And due to the FIFO nature of the asynchronous channels^ conversion back and forth 
between different order resources may be achieved while maintaining program order. In 
such a system, specific resources may be implemented according to the particular order 
architecture which is most suitable for that resource. Thus, for example, many of the 
architectural simplicities of single-issue resources may be retained in a system which 
operates with dual or multiple-issue performance. 

[0025] According to a specific embodiment illustrated in Fig. 1, an asynchronous system 
100 includes instances of a dual filter 102 for interfacing a dual issue instruction pipeline 
104 with single issue resources (e.g., resource 106), and a "split" circuit 108 and two 
optional assign circuits 109 for going back from the single issue resource 106 to the dual 
issue pipeline 104. The parallel instruction pipelines have input channels IN[0] and IN[1], 
and output channels OUT[0] and OUT[l]. State loops 110 between the two pipelines enable 
the communication of dependencies between the pipelines. The latency requirement for a 
state going into and then exiting such a loop is half of a cycle. 

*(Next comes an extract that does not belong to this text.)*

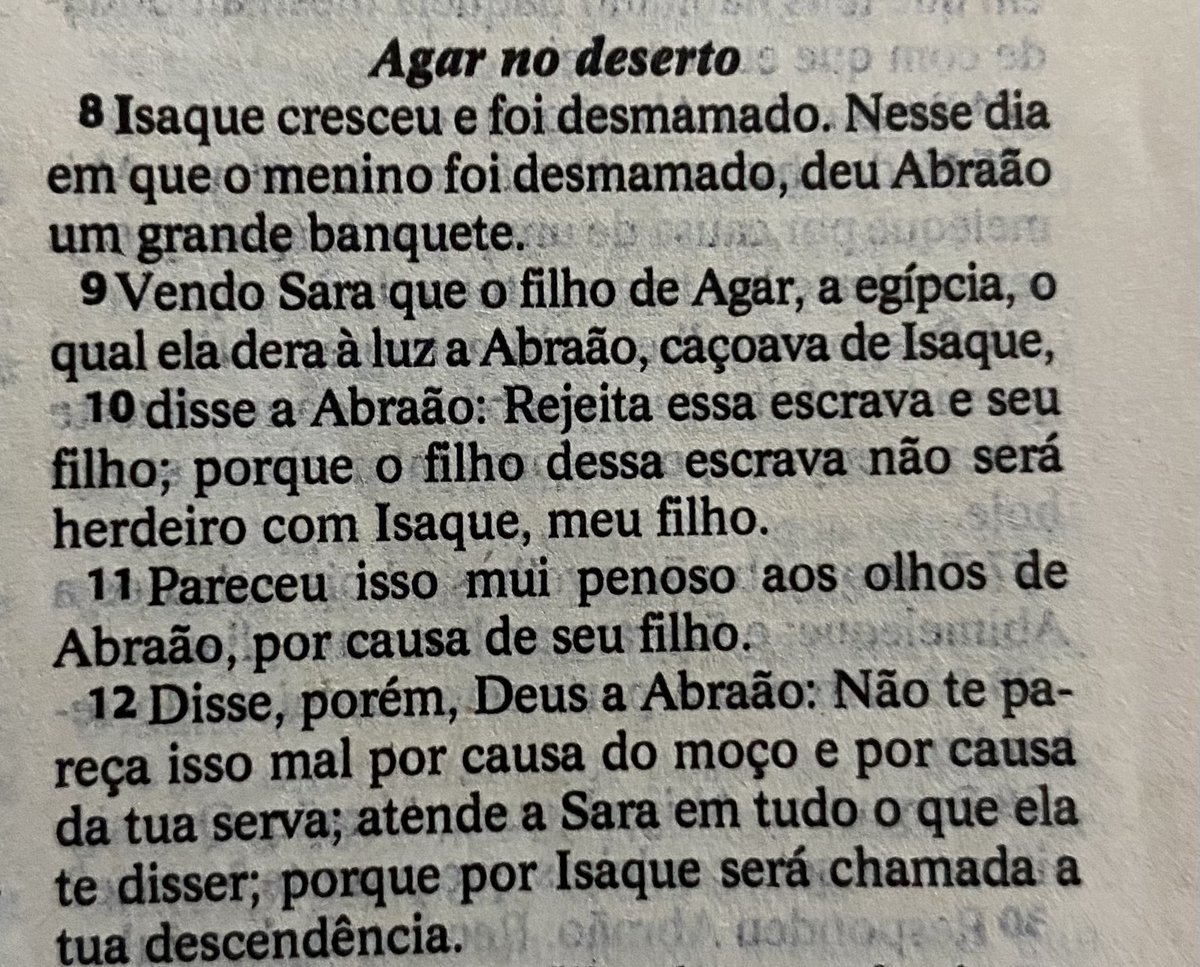 véi, sara e abraão não podiam ter filhos pq sara era estéril, até aí tudo bem. só que sara teve a brilhante ideia de pedir pra abraão fuder no pelo com a emprega deles E ELE ACEITOU E ENGRAVIDOU A MONA (e ela humilhou sara pq conseguiu engravidar). eu tô horrorizada. que babado.

[0026] During system operation, instructions alternately enter the parallel pipelines at a 
rate of two per cycle. Each instruction has an associated bit or other implicit information or 
characteristics which indicates whether the instruction needs to be forwarded on to the single 
issue resource, i.e., a request for access to the single issue resource. Instructions intended for 
the single issue resource are forwarded sequentially in the order received by the dual filter to 
the single issue resource. The output of the single issue resource are then forwarded back to 
the appropriate pipeline via the split and optional assign circuitry according to control 
information generated from the instructions themselves by dual request circuitry.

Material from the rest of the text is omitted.